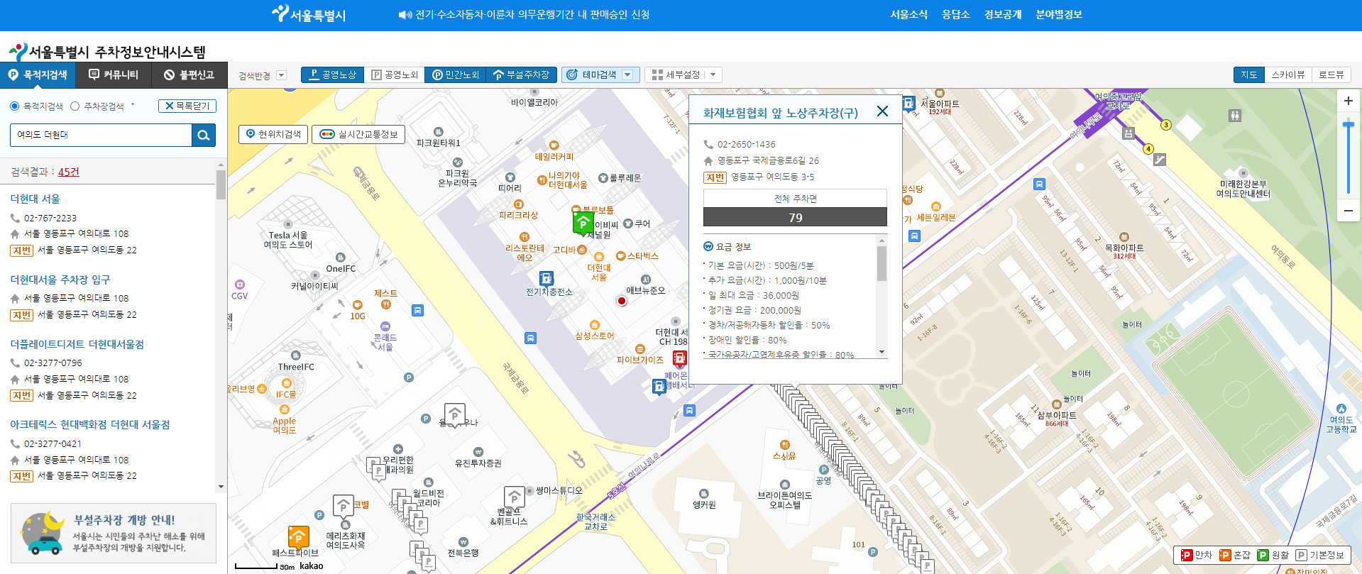 더현대를 쭈욱 둘러보는데만 많은 시간을 할애해야하는데 주차비 때문에 빨리 나가야할 판입니다. 서울 시내의 대형 상업시설은 교통환경영향평가 통과를 위해 교통 혼잡 저감 차원에서 최대한 차량 이용을 자제하도록 유도해야 합니다. 먼저 여의도 공영주차장 요금은 어디서 확인해야할까요?
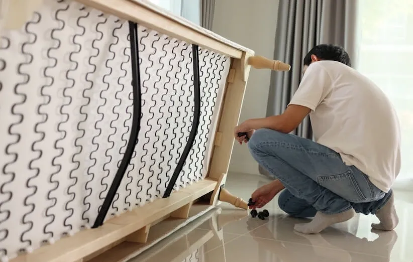 آخرین مرحله از کار تعویض روکش مبل وصل کردن پوشش گردوغبار به زیر مبل است. این پارچه علاوه بر جلوگیری از ورود خاک به داخل چارچوب، از دیده شدن فضای داخلی مبل هم جلوگیری میکند.
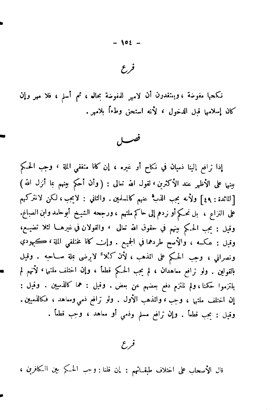 إِذَا تَرَافَعَ إِلَيْنَا ذِمِّيَّانِ فِي نِكَاحٍ أَوْ غَيْرِهِ، إِنْ كَانَا مُتَّفِقَيِ الْمِلَّةِ، وَجَبَ الْحُكْمُ بَيْنَهُمَا عَلَى الْأَظْهَرِ عِنْدَ الْأَكْثَرِينَ، لِقَوْلِ اللَّهِ تَعَالَى: (وَأَنِ احْكُمْ بَيْنَهُمْ بِمَا أَنْزَلَ اللَّهُ) [الْمَائِدَةِ: 49] وَلِأَنَّهُ يَجِبُ الذَّبُّ عَنْهُمْ كَالْمُسْلِمِينَ. وَالثَّانِي: لَا يَجِبُ، لَكِنْ لَا نَتْرُكُهُمْ عَلَى النِّزَاعِ، بَلْ نَحْكُمُ أَوْ نَرُدُّهُمْ إِلَى حَاكِمِ مِلَّتِهِمْ، وَرَجَّحَهُ الشَّيْخُ أَبُو حَامِدٍ وَابْنُ الصَّبَّاغِ. وَقِيلَ: يَجِبُ الْحُكْمُ بَيْنَهُمْ فِي حُقُوقِ اللَّهِ تَعَالَى، وَالْقَوْلَانِ فِي غَيْرِهَا لِئَلَّا تَضِيعَ، وَقِيلَ: عَكْسُهُ، وَالْأَصَحُّ طَرْدُهُمَا فِي الْجَمِيعِ. وَإِنْ كَانَا مُخْتَلِفَيِ الْمِلَّةِ، كَيَهُودِيٍّ وَنَصْرَانِيٍّ، وَجَبَ الْحُكْمُ عَلَى الْمَذْهَبِ، لِأَنَّ كُلًّا لَا يَرْضَى بِمِلَّةِ صَاحِبِهِ. وَقِيلَ بِالْقَوْلَيْنِ. وَلَوْ تَرَافَعَ مُعَاهَدَانِ، لَمْ يَجِبِ الْحُكْمُ قَطْعًا، وَإِنِ اخْتَلَفَ مِلَّتُهُمَا، لِأَنَّهُمْ لَمْ يَلْتَزِمُوا حُكْمَنَا، وَلَمْ نَلْتَزِمْ دَفْعَ بَعْضِهِمْ عَنْ بَعْضٍ. وَقِيلَ: هُمَا كَالذِّمِّيِّينَ. وَقِيلَ: إِنِ اخْتَلَفَ مِلَّتُهُمَا، وَجَبَ، وَالْمَذْهَبُ الْأَوَّلُ. وَلَوْ تَرَافَعَ ذِمِّيٌّ وَمُعَاهَدٌ، فَكَالذِّمِّيِّينَ. وَقِيلَ: يَجِبُ قَطْعًا. وَإِنْ تَرَافَعَ مُسْلِمٌ وَذِمِّيٌّ أَوْ مُعَاهَدٌ، وَجَبَ قَطْعًا.
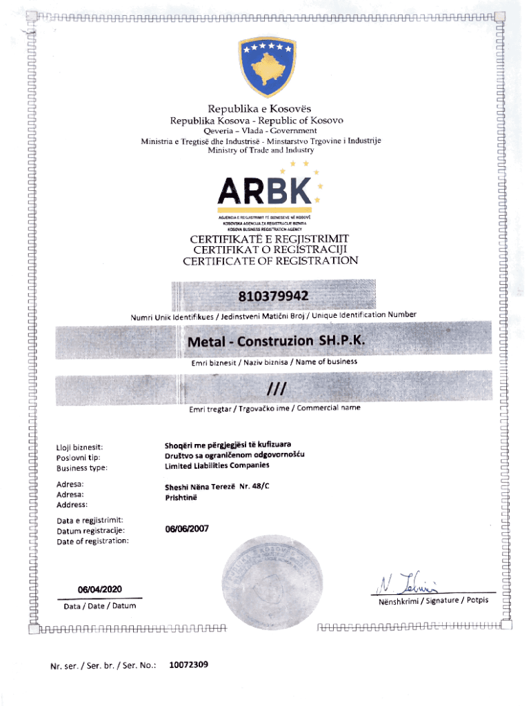 **Republika e Kosovs Republika Kosova Republic of Kosovo Qeveria Vlada GovernmentMinistria e Tregtis dhe Industris Minstarstvo Trgovine i IndustrijeMinistry of Trade and IndustryARBK AGJENCIA E REGJISTRIMIT
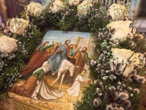 «Вспомним, как встречали Господа жители Иерусалима, — сказал батюшка. — Они постилали свои одежды, резали пальмовые ветви и восклицали: «Осанна! Благословен Грядущий во имя Господне!» Чего они ждали? Земного царя, который освободит их от римского владычества, даст им силу, богатство и благополучие. Они хотели, чтобы Христос стал их царём здесь и сейчас, на этой земле. Но Господь въезжал в Иерусалим не на боевом коне, а на молодом осле — образе кротости и мира. Тем самым исполнилось древнее пророчество Захарии: «Се, Царь твой грядёт к тебе, кроткий, сидя на ослице и молодом осле»».
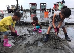 吃了美食我們準備上國道南下彰化二林、芳苑,我帶著孩子來到芳苑安排採蚵文化行程:坐海牛車、鐵牛車、找潮間帶生物、採蚵、挖蛤蠣、體驗插竹子做蚵架、現吃蛤蠣鮮湯、現烤
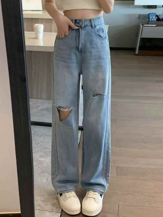 破洞薄款牛仔裤女高腰宽松显瘦直筒阔腿裤潮50条全清11.8元,码数S到XL,正...
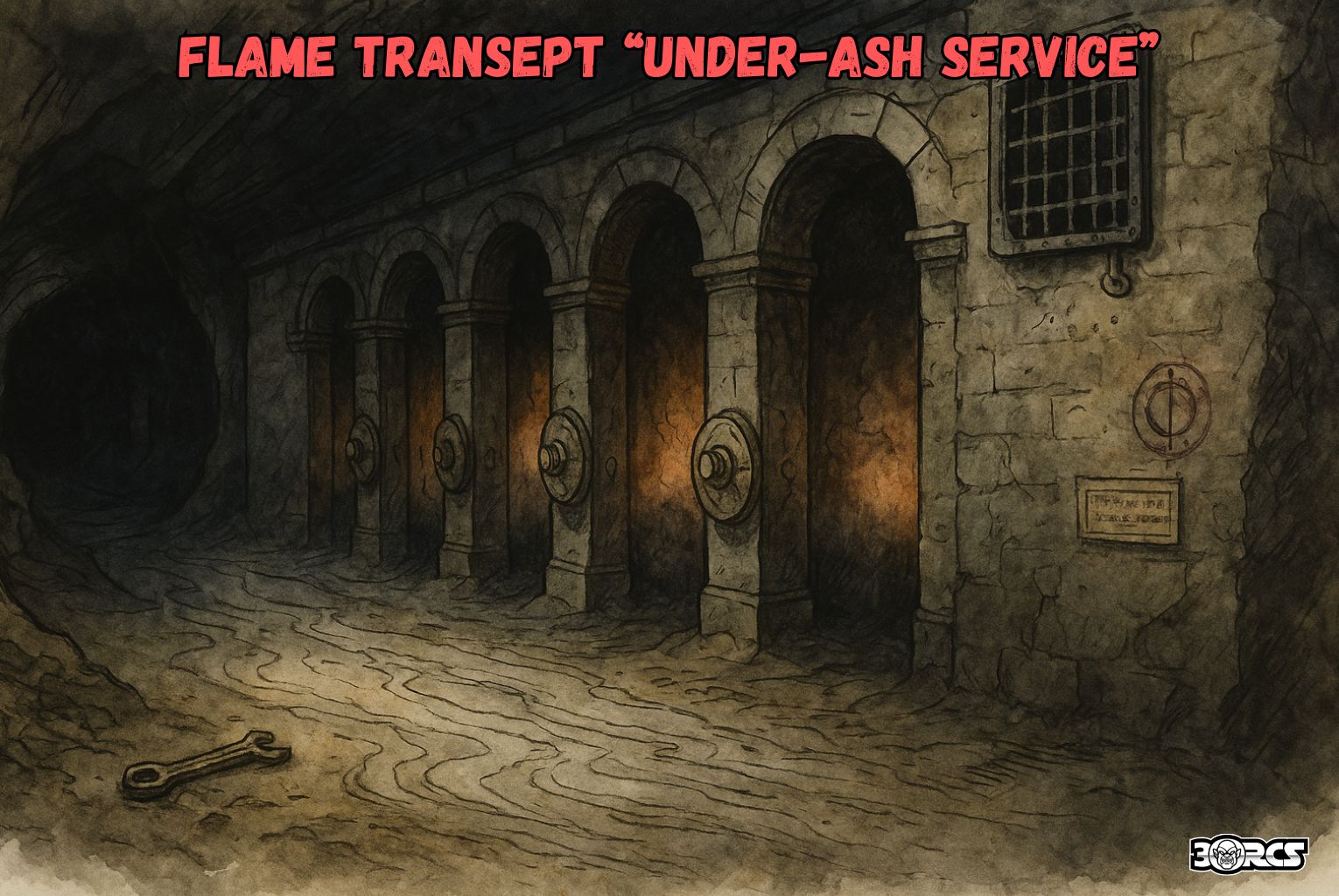 Ancient Pyremian service run that once moved draft and ash beneath the temple. The Mortarch probed it, then left it mostly intact to keep the mortuary above temperate. This hall is hot, quiet, and breathes on a six-count—the same grammar as the rest of the crypts, but expressed as heat and draft.
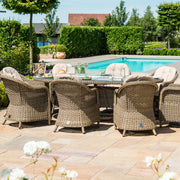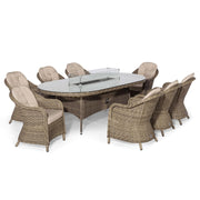 Winchester 8 Seat Oval Fire Pit Dining Set with Heritage Chairs | Natural

=-=-=

▸ Your goal: From the line containing "Ancient Pyremian service" to the last line of the entries, copy every line exactly, including both ends, and leave out the pictures.

▸ Expected answer:
 Ancient Pyremian service run that once moved draft and ash beneath the temple. The Mortarch probed it, then left it mostly intact to keep the mortuary above temperate. This hall is hot, quiet, and breathes on a six-count—the same grammar as the rest of the crypts, but expressed as heat and draft.
 Winchester 8 Seat Oval Fire Pit Dining Set with Heritage Chairs | Natural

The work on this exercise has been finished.